Summary

Collect and transform stakeholder needs, expectations, constraints, and interfaces into prioritized stakeholder requirements.

Description

The needs of relevant stakeholders (e.g., customers, end users, suppliers, builders, testers, manufacturers, logistics support staff, service delivery staff, the organization) are the basis for determining stakeholder requirements. Stakeholder needs, expectations, constraints, interfaces, operational concepts, and service concepts are analyzed, harmonized, refined, prioritized, and elaborated for translation into a set of stakeholder requirements.

Requirements collected from customers and end users of the service to be delivered are documented in the service agreement. These requirements are also used to derive requirements for the service system.
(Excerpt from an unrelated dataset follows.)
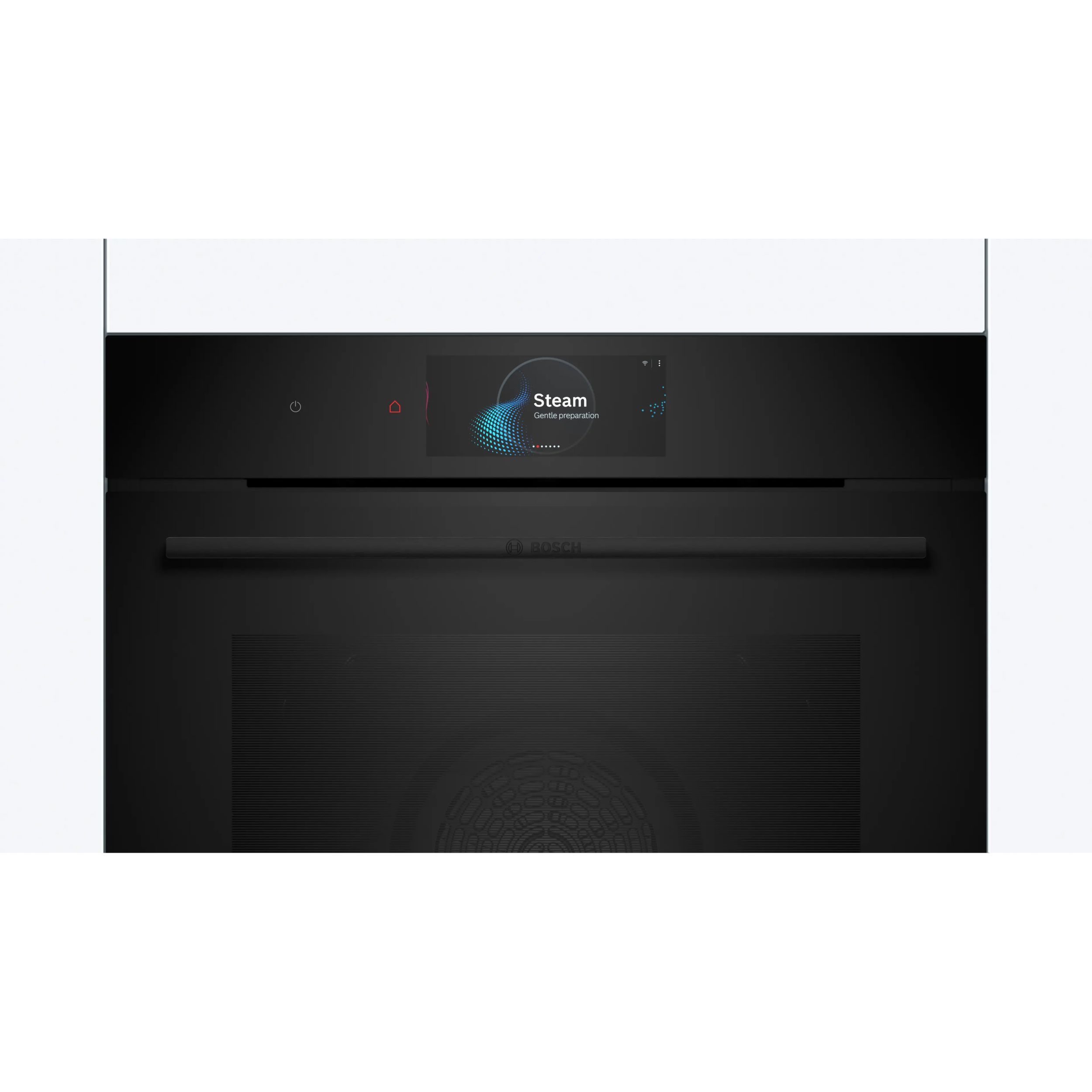 Cuptoarele Seria 8 din gama accent line sunt extrem de uşor de utilizat. Datorită finisajului lor complet negru, se potrivesc perfect cu orice mobilier de bucătărie, indiferent de stil. Iar inelul digital pentru comenzi este nu doar practic, ci şi conferă un plus de stil bucătăriei tale: acesta are un design minimalist atunci când este dezactivat şi se aprinde în culori calde atunci când este activat. De asemenea, navigarea în meniul cuptoarelor Seria 8 din gama accent line este extrem de simplă: poţi seta extrem de rapid şi uşor procesul de preparare şi temporizatorul direct pe afişajul tactil mare. Uşa cu geam fumuriu completează ingenios aspectul ultra-modern şi neted al cuptoarelor, iar tu poţi vedea în permanenţă preparatele din cuptor în timp ce acestea sunt gătite.

These derived requirements are combined with other requirements collected for the service system to result in the complete set of stakeholder requirements.

Refer to the Service Delivery (SD) (CMMI-SVC) process area for more information about analyzing existing agreements and service data.
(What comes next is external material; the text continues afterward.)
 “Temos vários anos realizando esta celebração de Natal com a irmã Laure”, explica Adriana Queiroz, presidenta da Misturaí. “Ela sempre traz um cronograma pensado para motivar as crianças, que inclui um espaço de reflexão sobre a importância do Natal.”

These stakeholder requirements should be stated in language that relevant stakeholders can understand, yet precise enough for the needs of those who develop the service or service system.

 

Examples of stakeholder requirements include the following:
  • Operations requirements
  • Customer delivery requirements
  • Monitoring requirements
  • Instrumentation requirements
  • Documentation requirements
  • Operating level agreement requirements
  • Organizational standards for product lines and standard services
  • Requirements from agreements with other relevant stakeholders


Example Work Products



  1. Customer requirements
  2. End-user requirements
  3. Customer and end-user constraints on the conduct of verification and validation
  4. Staffing level constraints


Subpractices



1. Engage relevant stakeholders using methods for eliciting needs, expectations, constraints, and external interfaces.

Eliciting goes beyond collecting requirements by proactively identifying additional requirements not explicitly provided by customers through methods such as surveys, analyses of customer satisfaction data, prototypes, simulations, or quality attribute elicitation workshops.



2. Transform stakeholder needs, expectations, constraints, and interfaces into prioritized stakeholder requirements.

The various inputs from relevant stakeholders should be consolidated and prioritized, missing information should be obtained, and conflicts should be resolved in documenting the recognized set of stakeholder requirements.



3. Define constraints for verification and validation.